◆ BRIEF
Copy, word for word, the lines of the listing below from the line with "The product is" up to and including the line with "Zurück zu den". Drop the pictures.

--- RECORD SET Enclosed Below ---

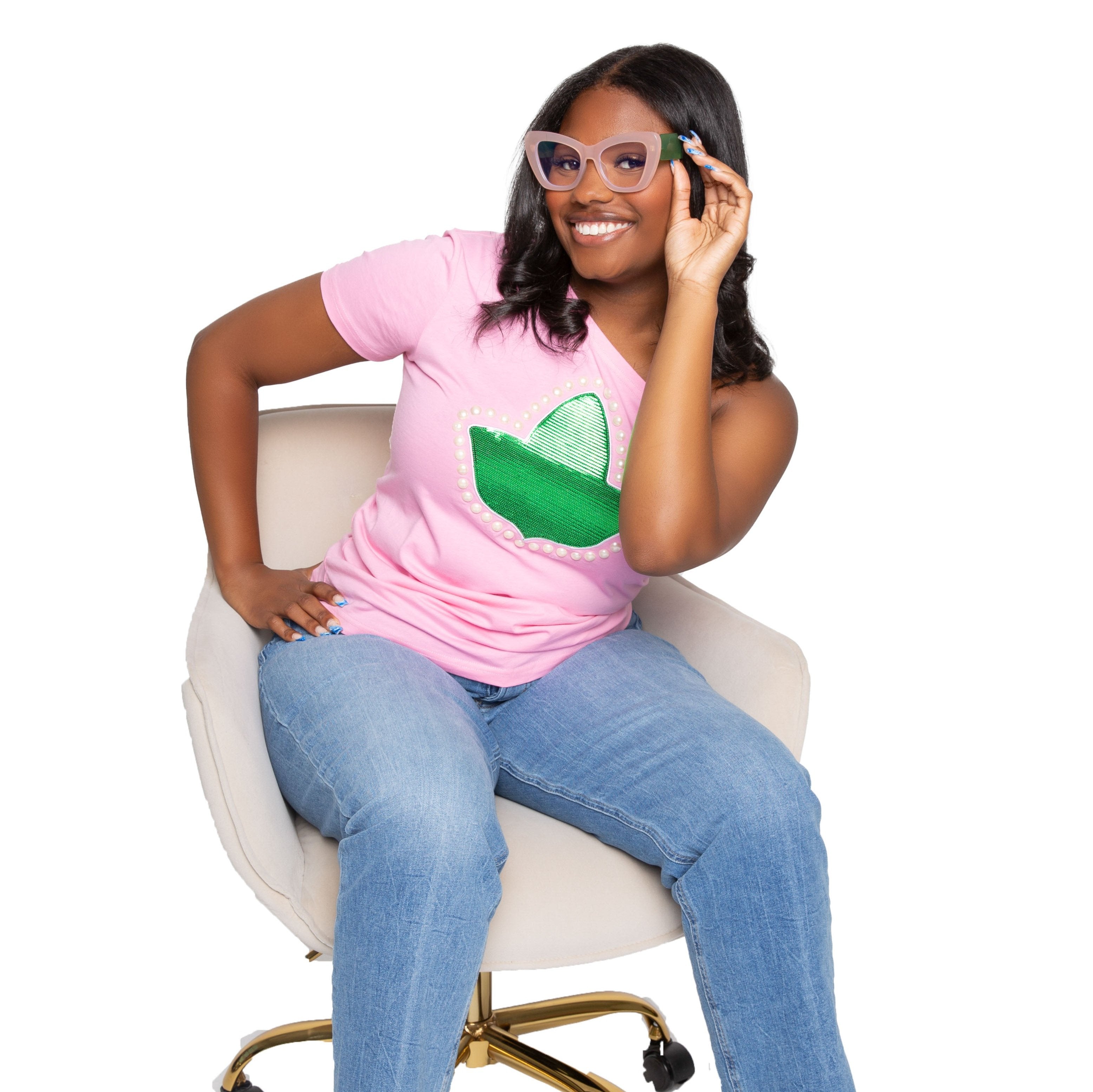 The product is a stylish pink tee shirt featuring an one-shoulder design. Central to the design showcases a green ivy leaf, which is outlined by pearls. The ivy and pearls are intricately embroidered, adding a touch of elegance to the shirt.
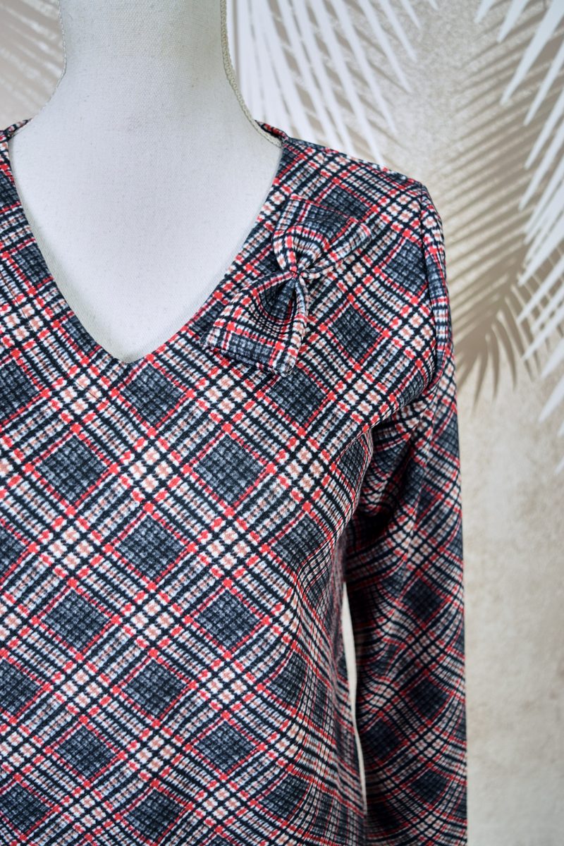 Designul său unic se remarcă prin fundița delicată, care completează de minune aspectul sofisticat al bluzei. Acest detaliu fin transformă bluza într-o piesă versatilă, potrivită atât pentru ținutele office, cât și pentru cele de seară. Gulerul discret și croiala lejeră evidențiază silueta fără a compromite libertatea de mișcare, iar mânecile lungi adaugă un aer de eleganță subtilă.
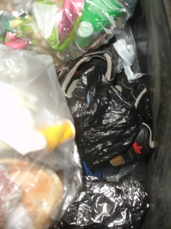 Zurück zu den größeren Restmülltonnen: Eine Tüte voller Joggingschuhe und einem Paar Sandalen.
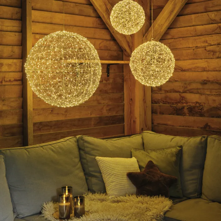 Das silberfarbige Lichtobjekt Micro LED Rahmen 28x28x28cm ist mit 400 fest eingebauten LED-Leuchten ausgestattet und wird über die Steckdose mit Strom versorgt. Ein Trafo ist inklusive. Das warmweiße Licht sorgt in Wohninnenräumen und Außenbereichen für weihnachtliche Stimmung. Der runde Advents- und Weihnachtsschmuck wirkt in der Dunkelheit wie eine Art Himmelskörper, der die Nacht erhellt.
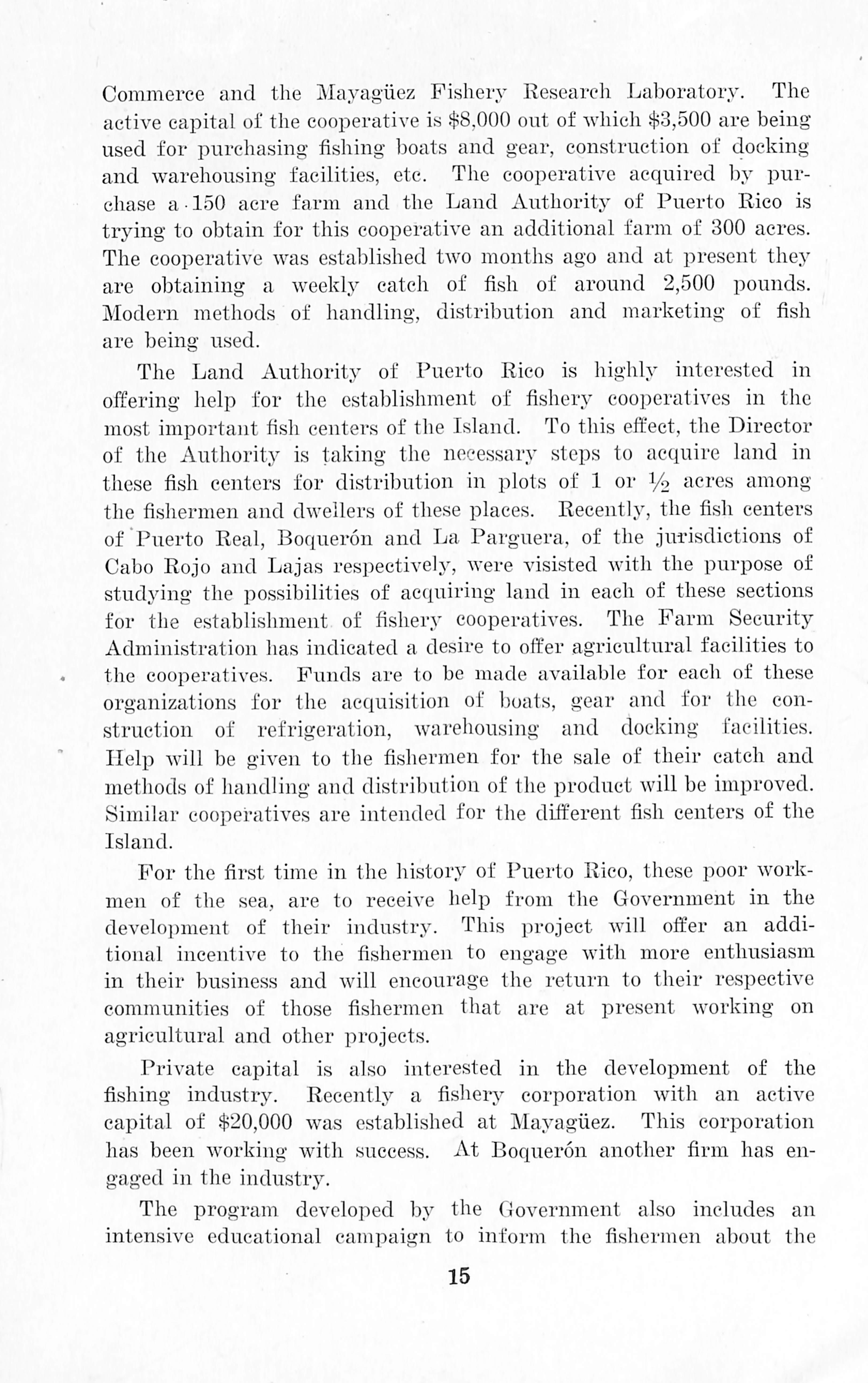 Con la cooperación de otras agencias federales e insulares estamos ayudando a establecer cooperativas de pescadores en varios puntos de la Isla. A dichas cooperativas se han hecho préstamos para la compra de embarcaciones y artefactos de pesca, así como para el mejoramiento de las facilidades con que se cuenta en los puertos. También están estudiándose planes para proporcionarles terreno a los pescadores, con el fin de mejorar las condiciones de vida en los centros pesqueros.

--- End of Enclosed RECORD SET ---
--- RECORD SET Enclosed Below ---

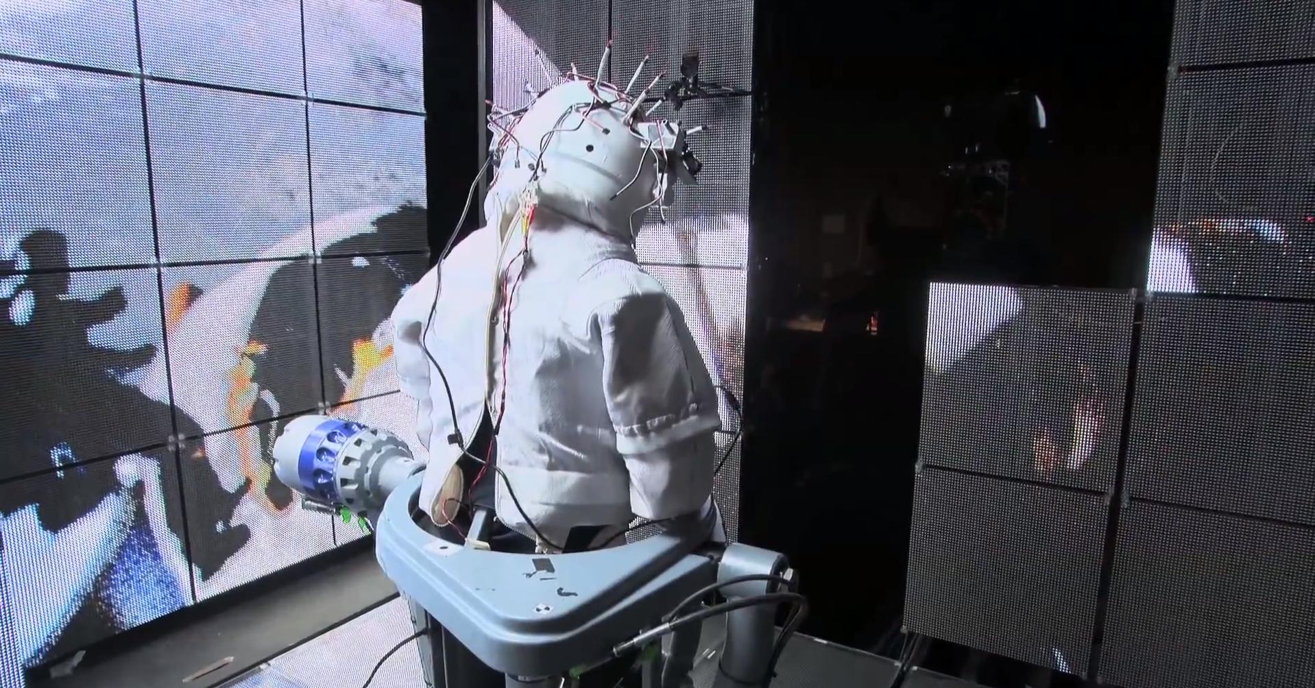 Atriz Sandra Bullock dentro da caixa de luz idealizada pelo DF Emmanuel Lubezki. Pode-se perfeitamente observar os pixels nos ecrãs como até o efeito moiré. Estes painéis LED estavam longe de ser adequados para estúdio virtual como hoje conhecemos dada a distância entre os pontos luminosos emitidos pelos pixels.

--- End of Enclosed RECORD SET ---
--- RECORD SET Enclosed Below ---

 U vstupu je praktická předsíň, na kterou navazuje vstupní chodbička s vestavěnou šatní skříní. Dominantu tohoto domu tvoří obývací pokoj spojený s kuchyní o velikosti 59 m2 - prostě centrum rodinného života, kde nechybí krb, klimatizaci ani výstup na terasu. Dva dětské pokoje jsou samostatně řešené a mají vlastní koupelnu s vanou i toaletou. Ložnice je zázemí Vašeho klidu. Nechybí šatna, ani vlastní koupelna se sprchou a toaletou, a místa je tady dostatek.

--- End of Enclosed RECORD SET ---

◆ YOUR RESPONSE
 The product is a stylish pink tee shirt featuring an one-shoulder design. Central to the design showcases a green ivy leaf, which is outlined by pearls. The ivy and pearls are intricately embroidered, adding a touch of elegance to the shirt.
 Designul său unic se remarcă prin fundița delicată, care completează de minune aspectul sofisticat al bluzei. Acest detaliu fin transformă bluza într-o piesă versatilă, potrivită atât pentru ținutele office, cât și pentru cele de seară. Gulerul discret și croiala lejeră evidențiază silueta fără a compromite libertatea de mișcare, iar mânecile lungi adaugă un aer de eleganță subtilă.
 Zurück zu den größeren Restmülltonnen: Eine Tüte voller Joggingschuhe und einem Paar Sandalen.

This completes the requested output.